Joseph Glanvill, 1681 engraving by William Faithorne



He was raised in a strict Puritan household, and educated at Oxford University, where he graduated B.A. from Exeter College in 1655, M.A. from Lincoln College in 1658.[3][4]

Glanvill was made vicar of Frome in 1662, and was a Fellow of the Royal Society in 1664. He was rector of the Abbey Church at Bath from 1666 to 1680, and prebendary of Worcester in 1678.[4]

Works and views


He was a Latitudinarian thinker.[3] Latitudinarians generally respected the Cambridge Platonists, and Glanvill was friendly with and much influenced by Henry More, a leader in that group where Glanvill was a follower.[5] It was Glanvill's style to seek out a "middle way" on contemporary philosophical issues.

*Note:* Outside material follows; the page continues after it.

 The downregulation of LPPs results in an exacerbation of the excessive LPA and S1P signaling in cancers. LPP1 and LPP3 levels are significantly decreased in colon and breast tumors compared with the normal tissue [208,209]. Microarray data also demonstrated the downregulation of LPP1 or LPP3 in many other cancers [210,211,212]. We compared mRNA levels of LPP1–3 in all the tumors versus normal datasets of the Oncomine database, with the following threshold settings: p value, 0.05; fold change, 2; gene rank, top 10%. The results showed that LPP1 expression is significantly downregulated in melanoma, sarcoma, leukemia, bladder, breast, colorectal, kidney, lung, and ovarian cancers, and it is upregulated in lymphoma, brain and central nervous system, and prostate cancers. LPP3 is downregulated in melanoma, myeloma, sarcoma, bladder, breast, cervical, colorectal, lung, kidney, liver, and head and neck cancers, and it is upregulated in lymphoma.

His writings display a variety of beliefs that may appear contradictory. There is discussion of Glanvill's thought and method in Basil Willey's Seventeenth Century Background (1934).

Rationality and plain talking


He was the author of The Vanity of Dogmatizing (editions from 1661), which attacked scholasticism and religious persecution. It was a plea for religious toleration, the scientific method, and freedom of thought. It also contained a tale that became the material for Matthew Arnold's Victorian poem The Scholar Gipsy.[6]

Glanvill was at first a Cartesian, but shifted his ground a little, engaging with scepticism and proposing a modification in Scepsis Scientifica (1665), a revision and expansion of The Vanity of Dogmatizing. It started with an explicit "Address to the Royal Society"; the Society responded by electing him as Fellow. He continued in a role of spokesman for his type of limited sceptical approach, and the Society's production of useful knowledge.[7] As part of his programme, he argued for a plain use of language, undistorted as to definitions and reliance on metaphor.[8] He also advocated with Essay Concerning Preaching (1678) simple speech, rather than bluntness, in preaching, as Robert South did, with hits at nonconformist sermons; he was quite aware that the term "plain" takes a great deal of unpacking.[9]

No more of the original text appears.